The alternative strategy is to rebuild outright. In Long Beach, the 1978 modernist superblock by Don Gibbs, consisting of a City Hall tower and a public library sunken beneath a tiered public park, was recently demolished as part of a new master plan by SOM. The new city hall and public library have been completed, the street grid has been restored, and Lincoln Park rebuilt at its original 1880 location. Plenary Edgemoor Civic Partners led the effort under a public-private partnership model. While the restored urbanism is salutary, the lack of architectural ambition is regrettable. The iconic city halls of Philadelphia and San Francisco announce their importance on the skyline and the street. The new Long Beach City Hall could be mistaken for a speculative office block.

Other cities have opted to develop more daring ground-up city hall buildings, like those in Austin by Antoine Predock, Seattle City Hall by Bohlin Cywinski Jackson, and San Jose City Hall by Meier Partners. Their lingua franca is transparency and dramatic gestures that invite pedestrians. No longer stern vessels of governmental self-importance, they aspire to be community hubs.
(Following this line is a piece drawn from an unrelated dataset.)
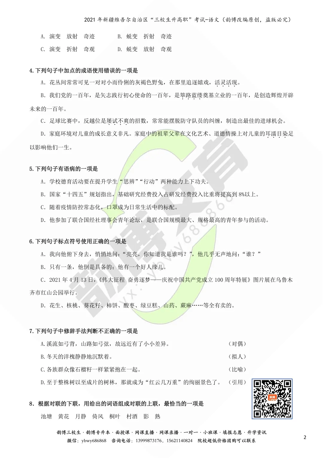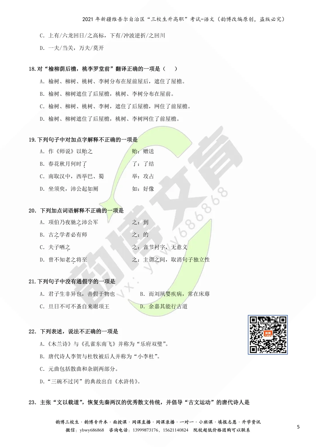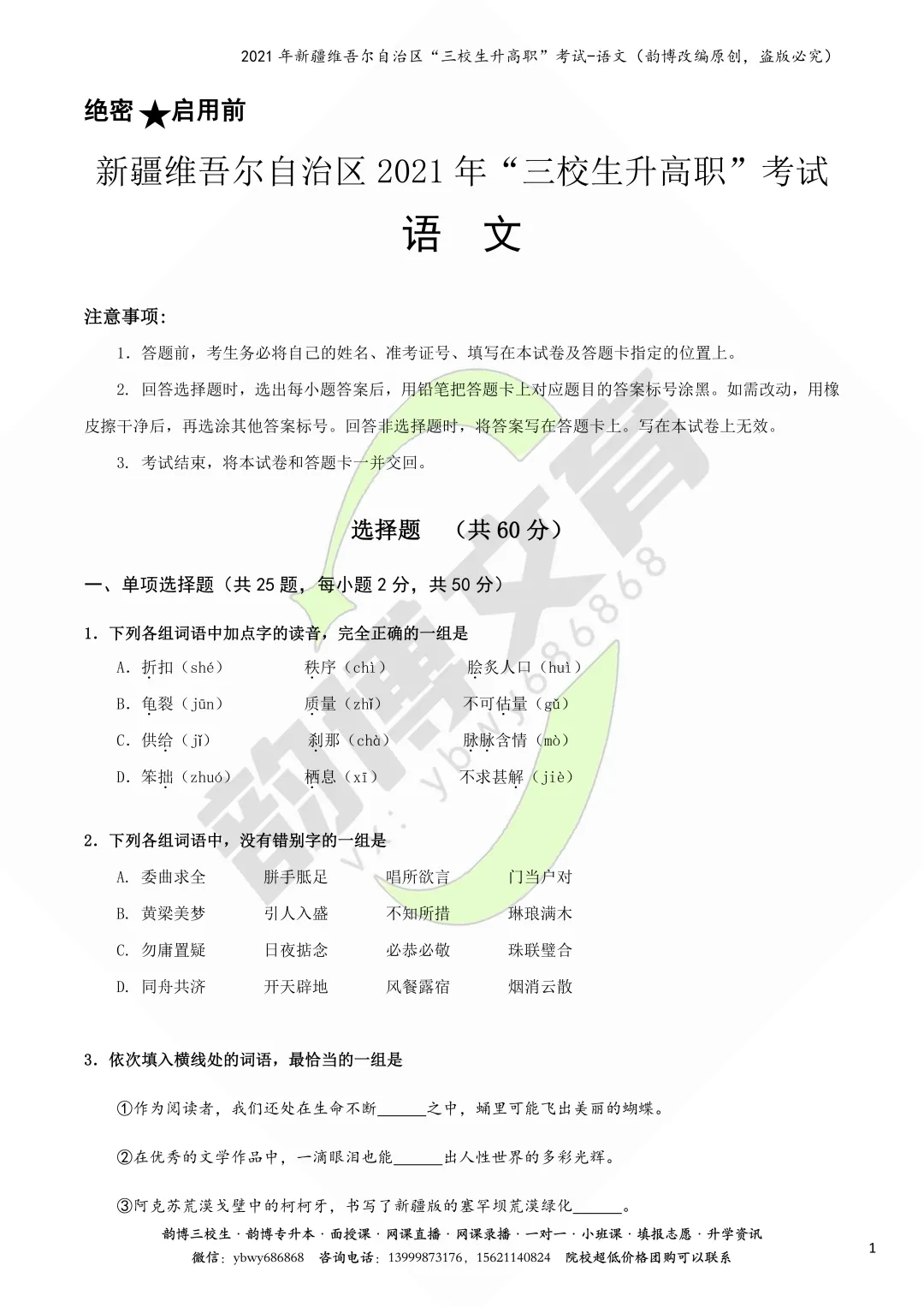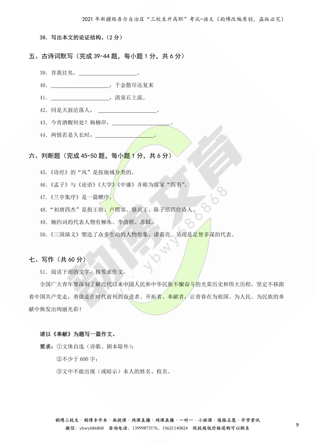 >新疆“三校生升高职”考试语文真题

It may take decades for a movement that can effect action to gather itself. Turnover at stakeholder groups or emerging crises can take wind out of sails. All the thoughtful work that goes into these plans will be marooned in political doldrums without a committed champion or a framework to ride the groundswell of civic pride and frustration. After failed attempts to revitalize New York’s Bryant Park in the 1970s, Dan Biederman and Andrew Heiskell backed its restoration in 1980; 32 years after its reopening in 1992, it is still a gem. In Boston, former mayor Marty Walsh reignited the City Hall Plaza redesign after various concepts marinated for 20 years during his predecessor Thomas Menino’s tenure. Sasaki’s redesigned plaza opened in 2023 as its first phase, with building interventions by Utile Architecture to follow. Current mayor Michelle Wu’s high regard for the building strengthens its chances of success.

In all these examples, landscape and architecture are wedded through two codependent strategies catalyzed by thoughtful community engagement, open-space design and reprogramming, along with the activation of streets and the buildings lining them. This reciprocity among architecture, landscape, and community programming is the secret of successful projects.

In San Francisco, an advocate has yet to emerge around the proposed Civic Center Public Space Plan. Originally conceived and promoted by the late mayor Ed Lee, the plan was crafted in 2020 and rolled into the environmental-review process. Lee’s premature death, along with the onset of the Covid-19 pandemic, presented both loss of a political champion and a sudden shift in civic priorities. As the city lumbers through pandemic recovery with a frayed public realm, the time is ripe to reengage this plan to invigorate the city’s civic heart.